Meas Kheng

Personal information
- Nationality: Cambodian
- Born: 28 March 1946 (age 80)

Sport
- Sport: Sprinting
- Event: 100 metres

= Meas Kheng =

Cambodian athlete (born 1946)

Meas Kheng (born 28 March 1946) is a Cambodian sprinter who made history as the first woman to represent Cambodia at the Olympics. She competed in the women's 100 metres at the 1972 Summer Olympics.

She was dubbed the "sprint queen" of Southeast Asia, in the early 1970s.

At just seventeen, Kheng reached the finals of the 400 metres at the 1963 GANEFO Games in Jakarta. Her recorded time of 62.1 seconds still stands as the Cambodian junior record.

On July 19, 1968, in Phnom Penh, Meas Kheng clocked 12.0 seconds to set the current Cambodian 100-metre hand-timed record, which remains unbroken to this day.

At the 1971 SEAP Games, Kheng clinched gold with a time of the 100 metres and in a national record of 25.05 seconds. Her 200-metre time of 25.1 seconds shaved 0.3 seconds off the previous championship record. In the 400 metres, she finished second behind Malaysia's Junaidah Aman, clocking 58.1 seconds.

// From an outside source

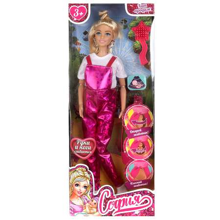 Модная мама София одета в блестящий розовый комбинезон и белую футболку. Образ куколки дополняют элегантные серьги. Одежду и аксессуары легко снять и надеть. С такой модной куклой девочке будет интересно и весело играть: благодаря тому, что руки и ноги куклы подвижны, им можно придать любое положение. У Софии длинные красивые волосы, которые хозяйка куклы сможет заплетать в разные причёски. Детально проработанный дизайн игрушек вдохновит девочку на новые игровые сюжеты.

Confusion surrounds about Kheng's best times, and little news about her had emerged. On the eve of the 1973 SEAP Games, reports stated that Kheng's season bests were 12.0 seconds over 100 metres, 25.4 seconds over 200 metres, and 54.3 seconds over 400 metres. But on the eve of the Games debut, the Khmer team's chef de mission emphasised his athletes' unpreparedness as a result of the ongoing civil war, and claimed Kheng's season bests as 12.6 seconds in the 100 metres, 25.1 seconds for the 200 metres, and 57.6 seconds for the 400 metres. Said Kheng: "I am very bad this time. No time for training. I fight in war." Despite this, she arrived at the 1973 Southeast Asian Peninsular Games as the clear favourite, tipped for a gold-medal treble. Unfortunately, she pulled a muscle during the 100-metre final and was forced to withdraw from the rest of the competition.